▸ DIRECTIONS FOR THIS TASK
Consider the listing below. Extract exactly the lines from the line containing "Das hohe Hausmotiv" to the line containing "She'll instantly feel", both included.

▸ GIVEN ENTRIES
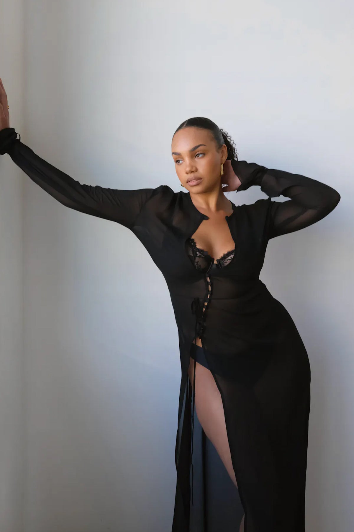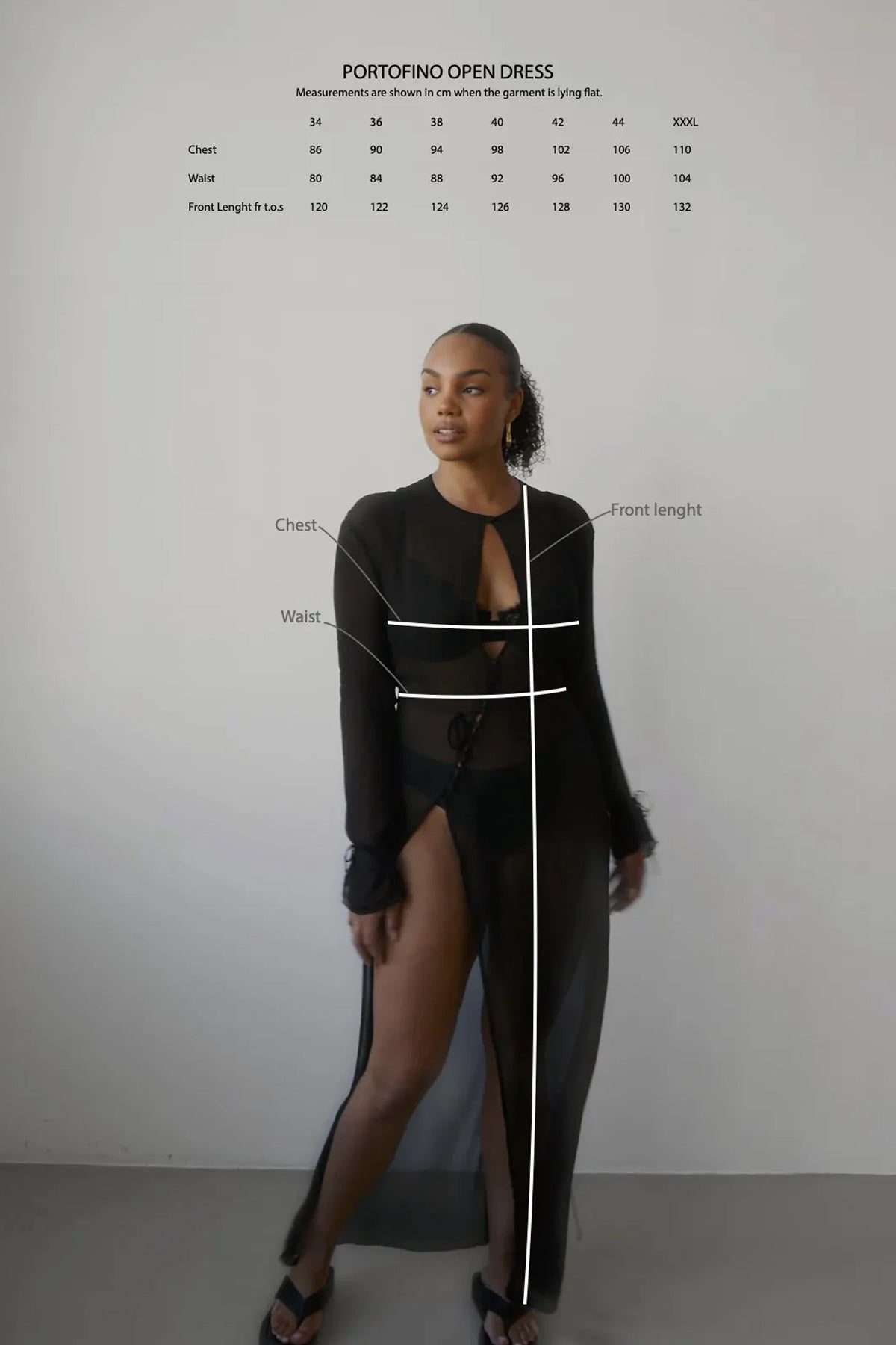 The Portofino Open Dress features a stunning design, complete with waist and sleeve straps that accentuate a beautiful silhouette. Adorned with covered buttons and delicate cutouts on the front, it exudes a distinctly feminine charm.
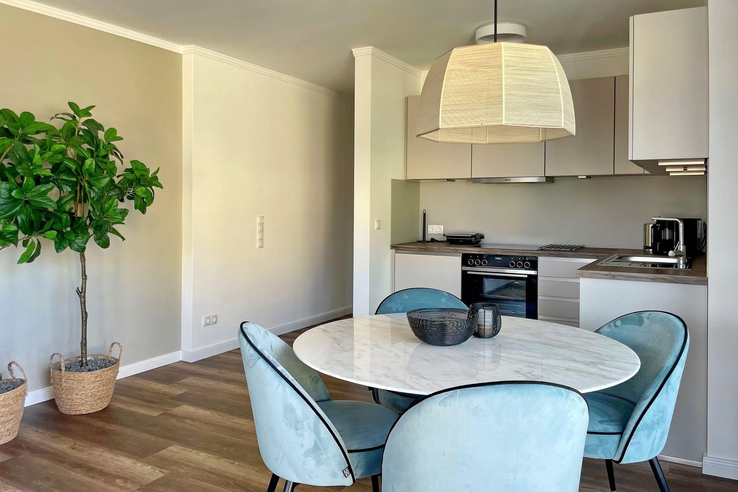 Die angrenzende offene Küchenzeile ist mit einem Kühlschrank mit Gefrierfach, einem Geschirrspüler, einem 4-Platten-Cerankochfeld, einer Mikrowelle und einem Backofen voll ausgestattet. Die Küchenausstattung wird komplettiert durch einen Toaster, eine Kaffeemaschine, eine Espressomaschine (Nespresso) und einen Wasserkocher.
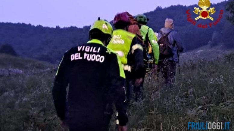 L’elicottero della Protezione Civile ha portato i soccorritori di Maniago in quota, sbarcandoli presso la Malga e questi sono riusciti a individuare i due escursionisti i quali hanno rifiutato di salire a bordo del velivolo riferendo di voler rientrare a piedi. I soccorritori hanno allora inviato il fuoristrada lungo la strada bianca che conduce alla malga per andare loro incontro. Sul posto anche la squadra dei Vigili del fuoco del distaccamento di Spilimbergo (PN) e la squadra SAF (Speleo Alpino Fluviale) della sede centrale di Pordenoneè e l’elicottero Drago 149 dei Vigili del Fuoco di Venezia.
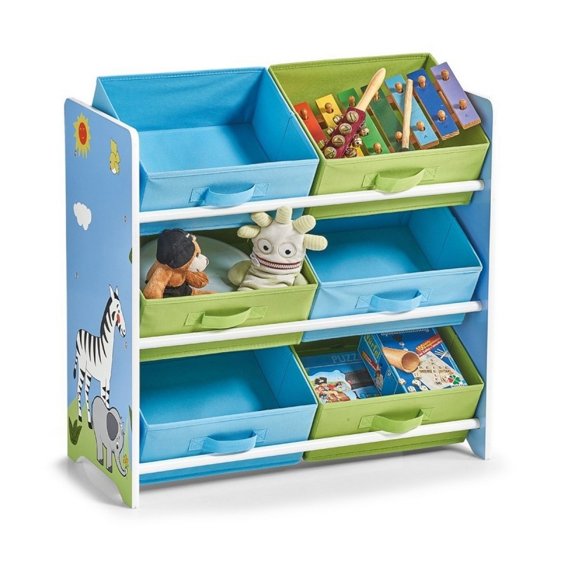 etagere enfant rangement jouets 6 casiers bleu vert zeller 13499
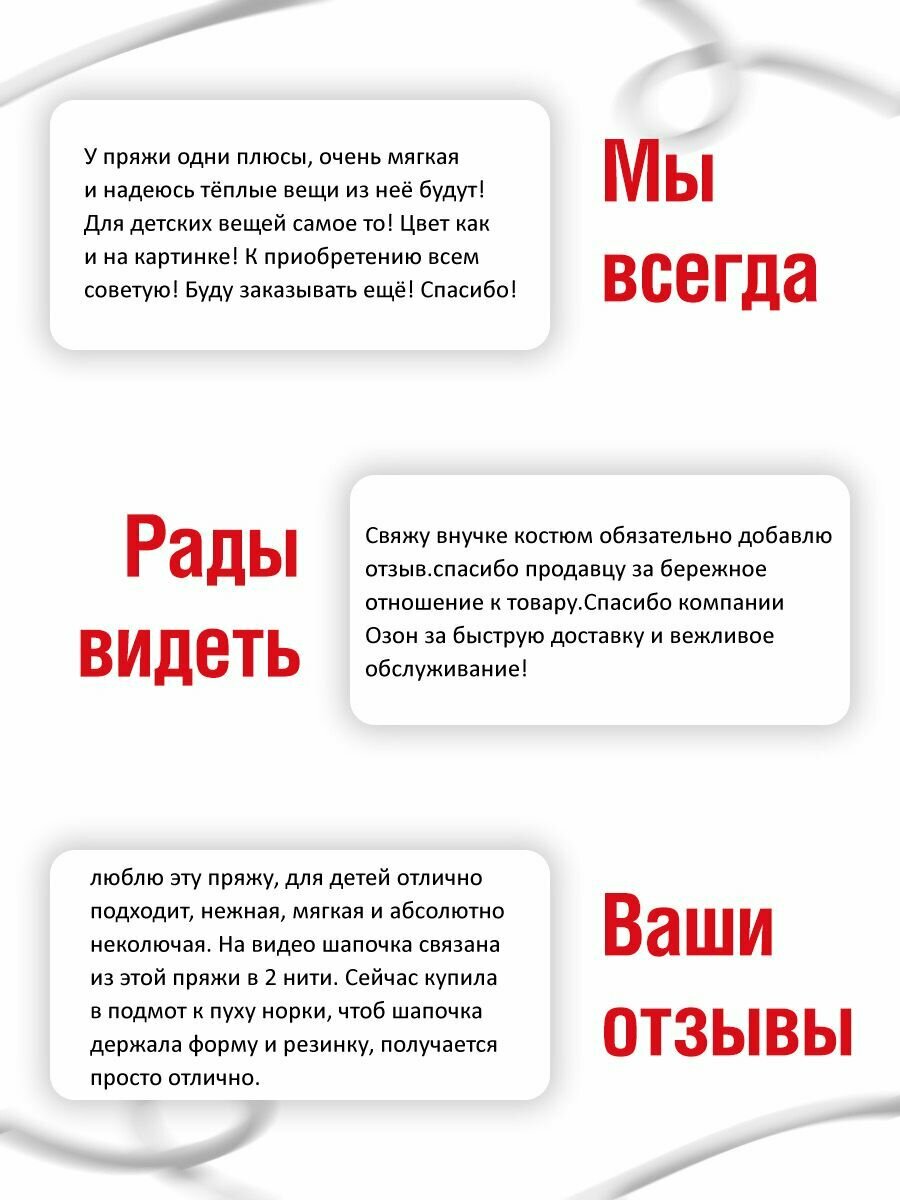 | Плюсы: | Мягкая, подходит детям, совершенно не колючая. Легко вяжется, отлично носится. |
--
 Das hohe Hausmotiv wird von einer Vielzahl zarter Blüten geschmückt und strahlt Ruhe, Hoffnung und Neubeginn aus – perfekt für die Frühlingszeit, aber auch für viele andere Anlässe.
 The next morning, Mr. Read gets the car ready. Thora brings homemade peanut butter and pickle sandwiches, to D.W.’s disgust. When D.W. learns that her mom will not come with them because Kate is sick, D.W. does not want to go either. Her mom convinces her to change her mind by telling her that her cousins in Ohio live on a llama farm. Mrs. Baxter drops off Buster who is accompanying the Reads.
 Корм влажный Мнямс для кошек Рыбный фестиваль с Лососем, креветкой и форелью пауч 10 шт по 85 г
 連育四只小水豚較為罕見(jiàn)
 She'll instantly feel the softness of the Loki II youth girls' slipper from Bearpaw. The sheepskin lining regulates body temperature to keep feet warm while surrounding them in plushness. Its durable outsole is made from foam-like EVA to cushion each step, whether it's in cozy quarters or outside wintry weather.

▸ YOUR SOLUTION
 Das hohe Hausmotiv wird von einer Vielzahl zarter Blüten geschmückt und strahlt Ruhe, Hoffnung und Neubeginn aus – perfekt für die Frühlingszeit, aber auch für viele andere Anlässe.
 The next morning, Mr. Read gets the car ready. Thora brings homemade peanut butter and pickle sandwiches, to D.W.’s disgust. When D.W. learns that her mom will not come with them because Kate is sick, D.W. does not want to go either. Her mom convinces her to change her mind by telling her that her cousins in Ohio live on a llama farm. Mrs. Baxter drops off Buster who is accompanying the Reads.
 Корм влажный Мнямс для кошек Рыбный фестиваль с Лососем, креветкой и форелью пауч 10 шт по 85 г
 連育四只小水豚較為罕見(jiàn)
 She'll instantly feel the softness of the Loki II youth girls' slipper from Bearpaw. The sheepskin lining regulates body temperature to keep feet warm while surrounding them in plushness. Its durable outsole is made from foam-like EVA to cushion each step, whether it's in cozy quarters or outside wintry weather.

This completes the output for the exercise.